Background technology
Poly-(lactic acid) has been used as the material that is used for (biodegradable) resin combination.Yet poly-(lactic acid) has rigidity usually and lacks the performance of shock resistance, so it only is used for limited application usually.
In the patent documentation 1 technology that can improve this performance is being disclosed for example.This technology is included in and adds the impact modifier that comprises lactic acid units and polyester unit in poly-(hydroxycarboxylic acid), and the polymer blend that obtains thus is difficult for bloom, thus be kept perfectly flexible and transparent, and have shock resistance.
Patent documentation 1:JP-A-2001-335623
Yet, in above-mentioned technology, treat to have inadequate consistency with poly-(hydroxycarboxylic acid) blended impact modifier, the effect of its generation is also low when its ratio is very low.Therefore in order to obtain the effect that shock resistance substantially improves, need to improve the ratio of impact modifier in the polymer blend.On the other hand, impact modifier has high flexible, so this technology has produced following problem.The raising of impact modifier ratio improves flexible, but reduces its softening temperature simultaneously, and this can cause its poor heat resistance.
Summary of the invention
The present invention makes for overcoming the problems referred to above.
The object of the present invention is to provide a kind of compatibilizing agent that excellent heat resistance and shock resistance can be provided for resin combination.
Another object of the present invention is to provide a kind of resin combination that comprises this compatibilizing agent.
Other purpose of the present invention and effect will become apparent by following description.
The inventor has carried out extensive studies.Found that, realized goal of the invention, therefore finished the present invention by using following composition.
The invention provides following technical scheme:
(1) a kind of compatibilizing agent, it is the segmented copolymer of component A and B component, wherein component A comprises poly-(D-lactic acid) or D-lactic acid/starch copolymer resin, and B component comprises the biodegradable resin that fusing point or softening temperature are not higher than poly-(lactic acid) fusing point or softening temperature.
(2) a kind of resin combination, it comprises poly-(L-lactic acid) and the compatibilizing agent described in above-mentioned (1).
Compatibilizing agent of the present invention has the effect of accelerate crystallisation, when itself and poly-(L-lactic acid) when mixing, can provide good thermotolerance and shock resistance for resin combination.
Detailed Description Of The Invention
To explain in detail compatibilizing agent of the present invention and resin combination below.
Compatibilizing agent of the present invention is the segmented copolymer of component A and B component, and wherein component A comprises poly-(D-lactic acid) or D-lactic acid/starch copolymer resin, and B component comprises the biodegradable resin that fusing point or softening temperature are not higher than poly-(lactic acid) fusing point or softening temperature.The type of this segmented copolymer is not particularly limited, and can be in A-B type, A-B-A type and the B-A-B type any one.
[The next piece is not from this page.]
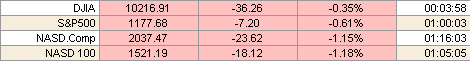 Инфляционные беспойкойства оказали давление на обыкновенные акции, в то время как доходность 10-летних казначейских облигаций оказалась на самом низком уровне с начала августа. Комментарии представителя Федерального Резерва Сьюзен Бис, которые прозвучали на конвенции банкиров в Беверли Хилз оказали негативное влияние на акции ипотечных компаний, поскольку они содержали предупреждения о рисках в предоставлении ипотечных кредитов, что может быть вызвано повышением процентной ставки или падением цен на рынке недвижимости. Акции MGIC Investment Corp. упали на 1.9% до 58.55. Индекс Dow Jones для строительных компаний упал на 1.5% о 844.89 пунктов. Дополительное давление на настроения инвесторов оказали и цены на нефть, которые по итогам завершения регулярной сессии на NYMEX выросли до уровня 64.12 долларов за баррель (light sweet, ноябрьский контракт).

Fusing point or softening temperature are not higher than the biodegradable resin of poly-(lactic acid) fusing point or softening temperature, and the B component in the compatibilizing agent promptly of the present invention is not particularly limited.The example comprises commercial resins, for example polycaprolactone, caproic acid lactone/butyleneglycol succinate multipolymer, poly-(butyleneglycol adipic acid ester-terephthalate), poly-(butyleneglycol succinate) resin that gathers (butyleneglycol succinate), hexanodioic acid modification, carbonate-modified gathering (butyleneglycol succinate) resin, poly-(glycol terephthalate-succinate), poly-(ethylene glycol succinate) and gather (butyric ester).Can use any in these.
The preferable range of the weight-average molecular weight of compatibilizing agent of the present invention is 1,000~2,000,000.When the weight-average molecular weight of compatibilizing agent is lower than at 1,000 o'clock, can forms eutectic and obtain the raising of crystallization rate.Yet resin can be syrupy shape in this case, is difficult to handle.When its weight-average molecular weight is higher than 2,000,000 o'clock, this compatibilizing agent can have higher melt viscosity, can produce it and be difficult to the situation of taking out after polymerization.
Be used at compatibilizing agent of the present invention under the situation of resin combination, its addition is not particularly limited.Yet, being preferably in per 100 weight part base resins, its addition is 1~100 weight part, more preferably 2~30 weight parts.Be lower than at its addition under the situation of 1 weight part, can produce such situation, promptly can not obtain significant crystallization facilitation effect, and the thermotolerance of resin combination does not improve.When the addition of compatibilizing agent is higher than 100 weight parts,, can cause the increase of resin cost in the present circumstance although its thermotolerance improves.
Resin combination of the present invention is characterised in that and comprises poly-(L-lactic acid) and compatibilizing agent of the present invention.
Poly-(the L-lactic acid) that comprises among the present invention is not particularly limited.The example comprises: by polymerizing catalyst being added in the mixture that contains 90% lactic acid-fermenting and starch, and this mixture is dewatered poly-(L-lactic acid), commercial poly-(lactic acid) product that polyreaction is prepared from (Lacea H-100J for example, by Mitsui Chemicals, Inc. produces) and comprise poly-(lactic acid) of thermotolerance nanocomposite filler.Can use any in these.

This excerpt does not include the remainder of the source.